遥歌见她坐在窗下的软榻那儿,便直接将汤端过去,放在榻上的矮茶几上。
凌沭将他拉到身前,让他坐在自己腿上,揽着那纤细的腰,头埋在他的背上,不语。
遥歌知道她心情不好,没有说话,就这么静静地任她抱着。从前凌沭也最喜欢抱着他,要么看书,要么发呆,这寂静的画面,是他最喜欢的时光,梦里梦见都会扯起嘴角。
就这么静静地过了许久,时间仿佛停在此处,小半个时辰后,遥歌才感觉到身后之人轻轻动了动。
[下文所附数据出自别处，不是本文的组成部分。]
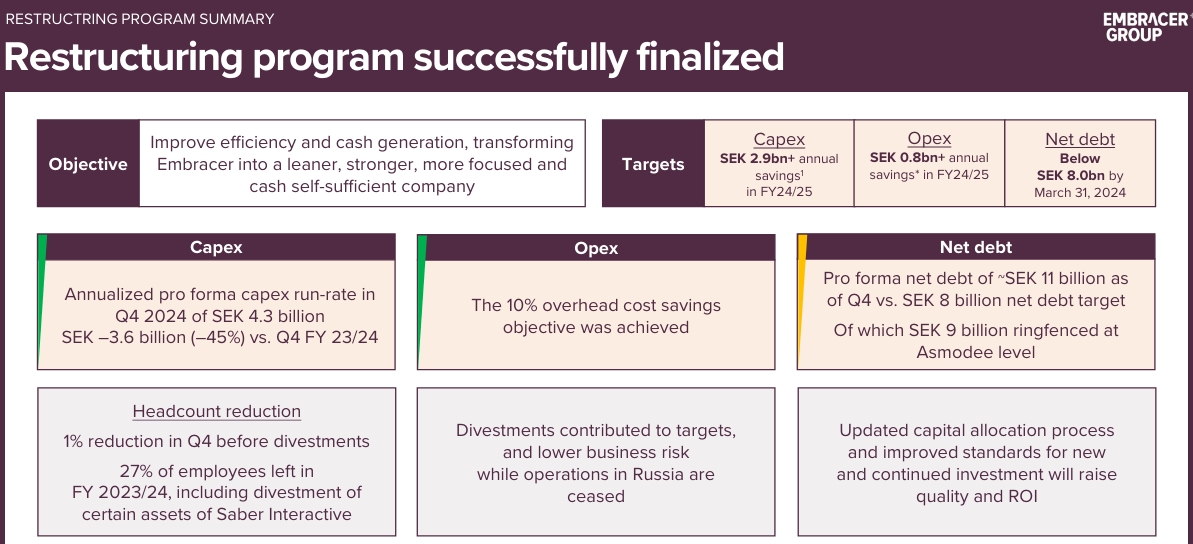Gledajući unaprijed, Embracer planira izdati više od 70 igara u fiskalnoj godini 2024/2025, uključujući visoko očekivane naslove kao što su Kingdom Come: Deliverance II i Killing Floor 3. S druge strane, što se tiče ključnih franšiza kompanije kao što su Darksiders, Dead Island, Deep Rock Galactic, Kingdom Come: Deliverance, Killing Floor, The Lord of the Rings, Metro, Remnant, Satisfactory, Tomb Raider i Wreckfest, očekuje se da će nastaviti rasti njihova popularnost.
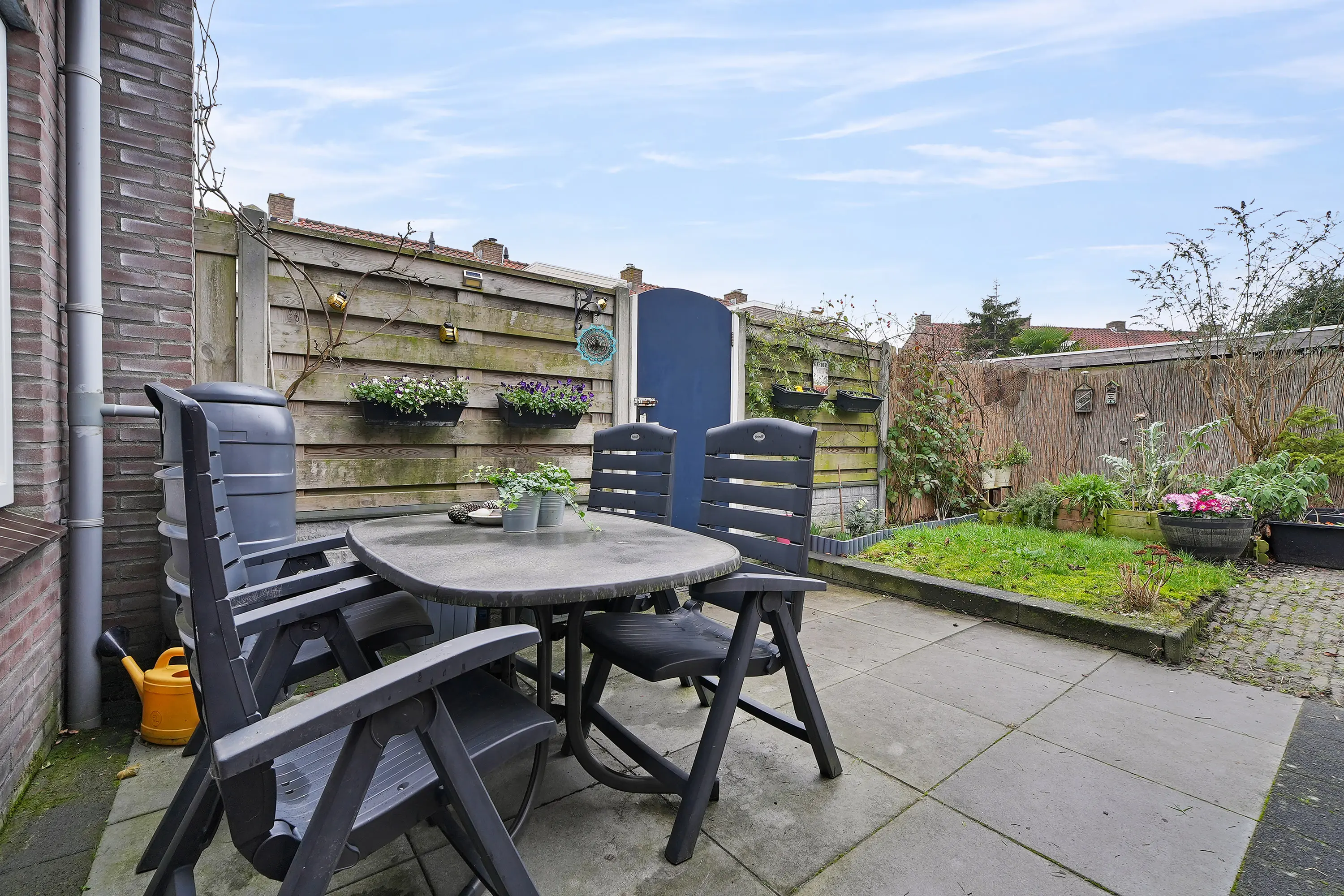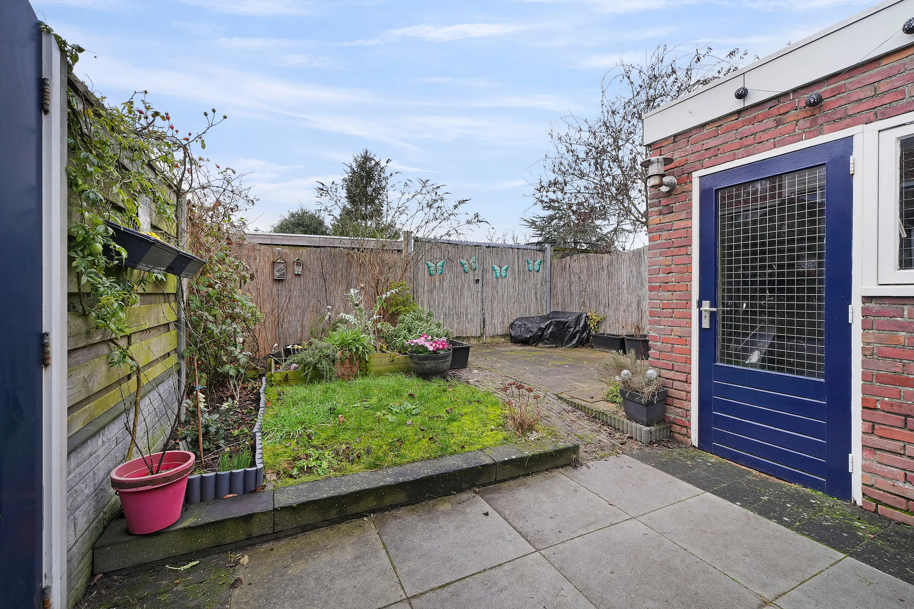 De tuin is gunstig op de zon gelegen en verzorgd aangelegd met diverse terassen. De aangebouwde stenen berging heeft een oppervlakte van circa 10 m². Tevens beschikt de tuin over een dubbele openslaande poort, ideaal voor eventueel bakfiets of motor.

凌沭抬起头来,放开遥歌,怕他坐太久难受,遥歌确实坐得有些僵硬掉,但跟能让凌沭有个依靠好理理心中的烦恼比起来,坐得太久略难受完全可以忽略。
凌沭低头闻了闻银耳莲子汤,咧嘴一笑,“好香啊,最喜欢喝遥歌的银耳莲子汤了。”
遥歌忙盛了一小碗递给她,凌沭迫不及待地喝下去。
遥歌做的银耳莲子汤最是清香,夏天又是冰镇过,喝一口简直从喉咙一直凉爽到全身。
凌沭最是不愿意将自己不好的情绪带给身边的人,影响整个王府和她一起乌云罩顶不说,还会让关心她的人担忧。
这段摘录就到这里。